A novel integration is proposed and analyzed of a thermochemical water decomposition cycle with a supercritical water-cooled nuclear reactor, a combined cycle, and a hydrogen compression system. The supercritical water-cooled reactor in the integrated system has been investigated extensively in Canada. The integrated system uses a compression system to compress the product hydrogen. The hydrogen is produced via a hybrid thermochemical and electrical water decomposition cycle that utilizes the chemical couple of copper and chlorine. The integrated system is modeled and simulated on Aspen Plus, except for the steam circuit, which is simulated on Aspen Hysys. The hydrogen production rate from the proposed system is 3.56kg/s.
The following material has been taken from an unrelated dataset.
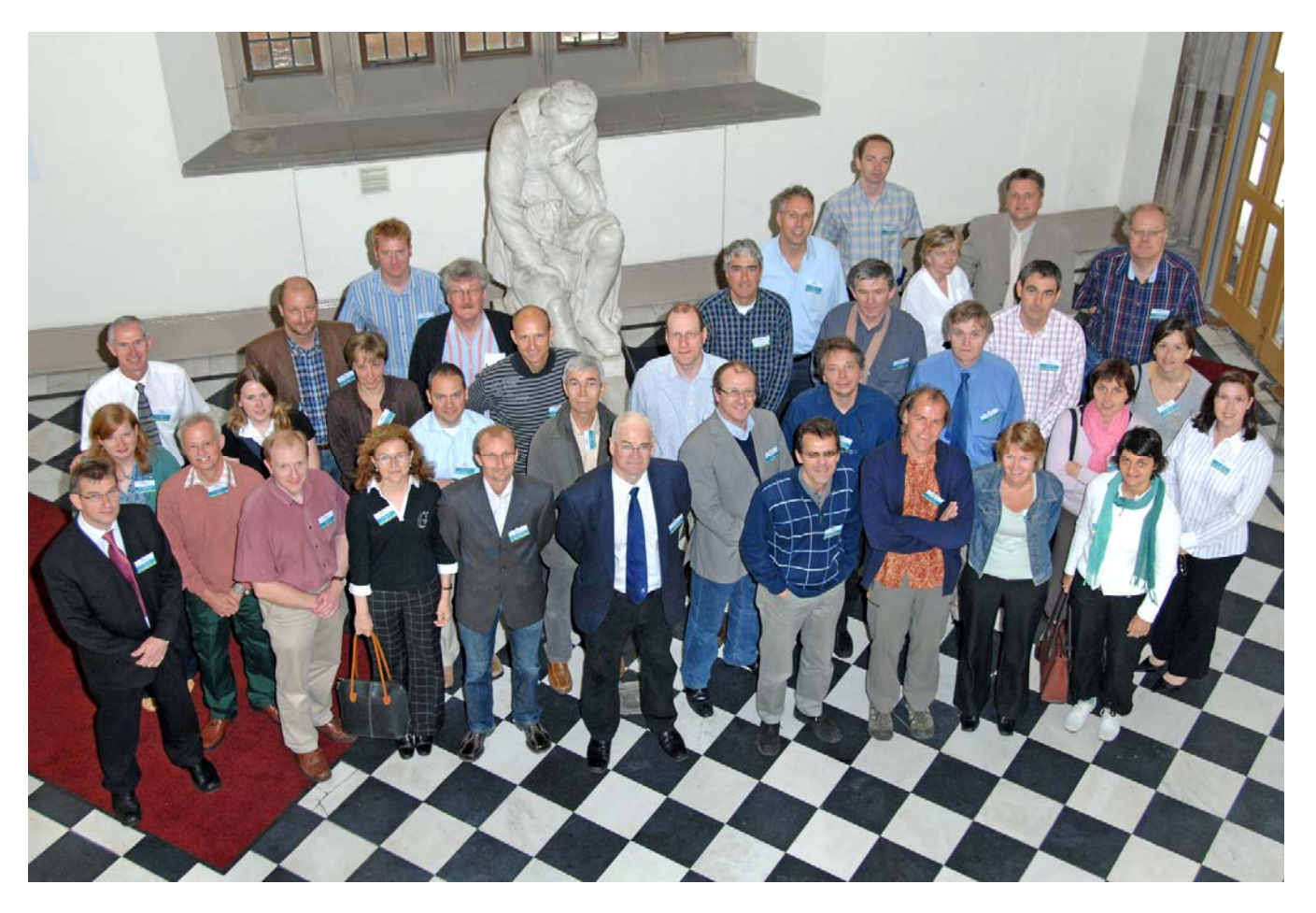
The ParaTB Tools group at their recent meeting in Spain. See the next page for a list of participants.

The ParaTB Tools web site is now on line, and is under construction. The ParaTB Tools objectives are listed (click on the "info" link), along with a directory of all the ParaTB Tools collaborators, with full contact information. Go to <a href="https://www.paratbtools.com">www.paratbtools.com</a> for information.

Both energy and exergy analyses are performed of the integrated system, and its overall energy and exergy efficiencies are, in this regard, found to be 16.9% and 27.8%, respectively.

Suggested Citation

  • Al-Zareer, Maan & Dincer, Ibrahim & Rosen, Marc A., 2017. "Performance analysis of a supercritical water-cooled nuclear reactor integrated with a combined cycle, a Cu-Cl thermochemical cycle and a hydrogen compression system," Applied Energy, Elsevier, vol. 195(C), pages 646-658.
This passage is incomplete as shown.